I myself doubted my actions.

There is no protocol it seems when it comes to have a chronic illness not to mention a mental illness that has a risk of interfering in one’s schooling.

Is it a disability? I don’t know.

I was asked for a doctor’s note if I am going to keep missing classes.

Fine.

I can do that, and I can get excused absences for the 2 classes I have missed.

actually one and a half. since I stayed until noon today.

But I left feeling as if I did something wrong, which caused more stress, more pain, I am pretty sure my face was in a attractive grimace as I sat on the bus, putting my bag on the seat beside me, because frankly bus etiquette was not my top priority at the moment.

I am pretty sure I looked like a grumpy cat…

Grumpy-Cat

I don’t want this to define me, I don’t want this to impact my life in a negative way, I want to win this struggle, I want to conquor.

I descended from fucking bad ass vikings- it’s not in my blood to be labeled as weak.
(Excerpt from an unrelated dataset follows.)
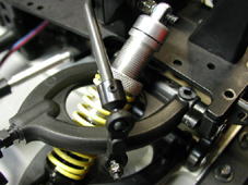そこで一度、バルクから左右のアッパーアームを取り外し、説明書と一緒に万力に挟んで、慎重にドリルで穴を開けた。あとはスタビバーをダンパーステーに固定する。この時、スタビバーの動きがシブいと、せっかくシャカシャカ動いていた足も意味をなさない。かといって、バーに遊びが多すぎても、スタビの効果が半減してしまう。適度に調整する必要があるのだった・・・。
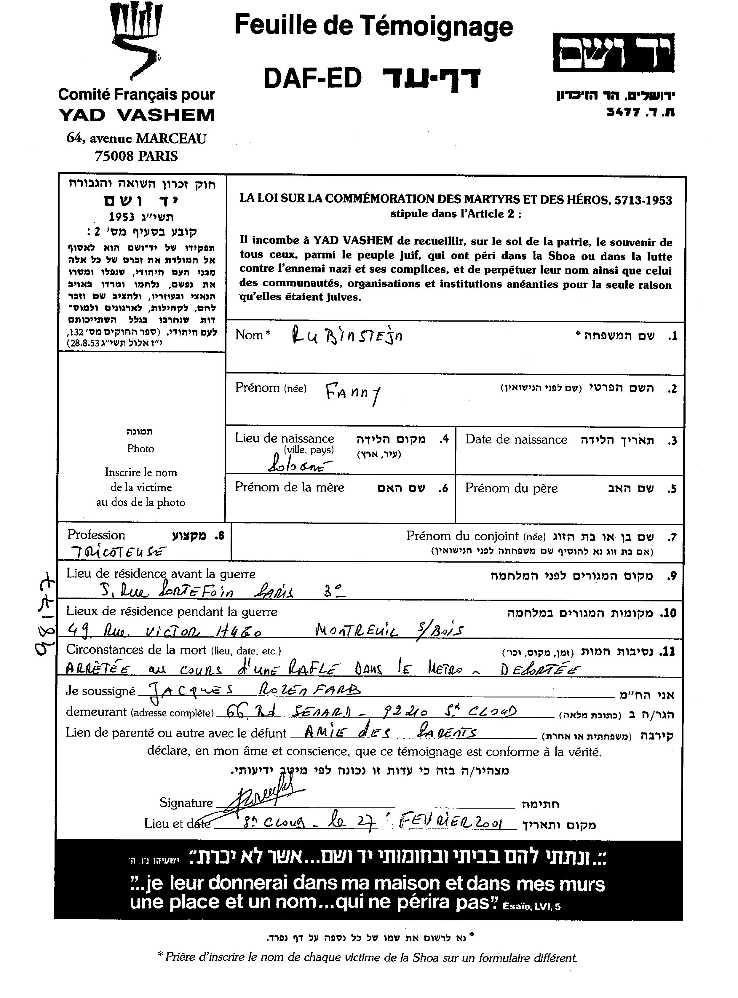 Рубинштейн Фанни Париж, Франция Лист свидетельских показаний

You never heard of weak vikings, never heard of a viking who whined and complained when all they wanted to do was roll into the fetal position on their yoga mat, you know what they did? they powered through, and got shit done.

Why can’t I do that?

Usually I can grin and bear it- but today I just felt…

different,

I don’t know, emotional? extra depressed? Who knows.
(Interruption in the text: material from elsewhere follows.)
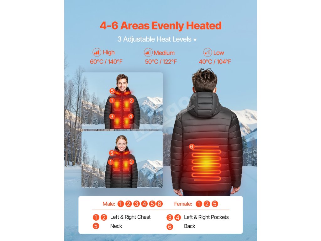 Vyhrievaná bunda s prvkami z uhlíkových vlákien. Dodáva cielené teplo do viacerých oblastí jadra: vrecká (len pre mužov), hrudník, golier a chrbát. Disponuje 3 úrovňami tepla až do 140℉, napájaná 7,4 V 8000 mAh batériou na 4-10 h vyhrievania. Ľahká polstrovaná tkanina vás udrží v teple pri turistike, kempovaní alebo love.

Vikings also raped a lot of women and destroyed a lot of stuff. But right now if I viking was to take a yoga class, I am guessing they wouldn’t hijack and burn the yoga studio down…

I would like to say “no fucks were given today”

But I didn’t really feel that until I was in bed with my blanket over my head, blocking out reality.

Once I finally comforted and cooed my mind- reassuring myself that yes, health first, education second, I could finally doze off and forget about the pain temporarily.

I never liked “giving up” but in today’s situation I have to keep reminding myself that taking care of myself is not giving up.

I am still figuring this out, maybe I am missing some important pieces to my puzzle, but this is my journey.

Just happens to be that my journey includes a lot of bathroom breaks.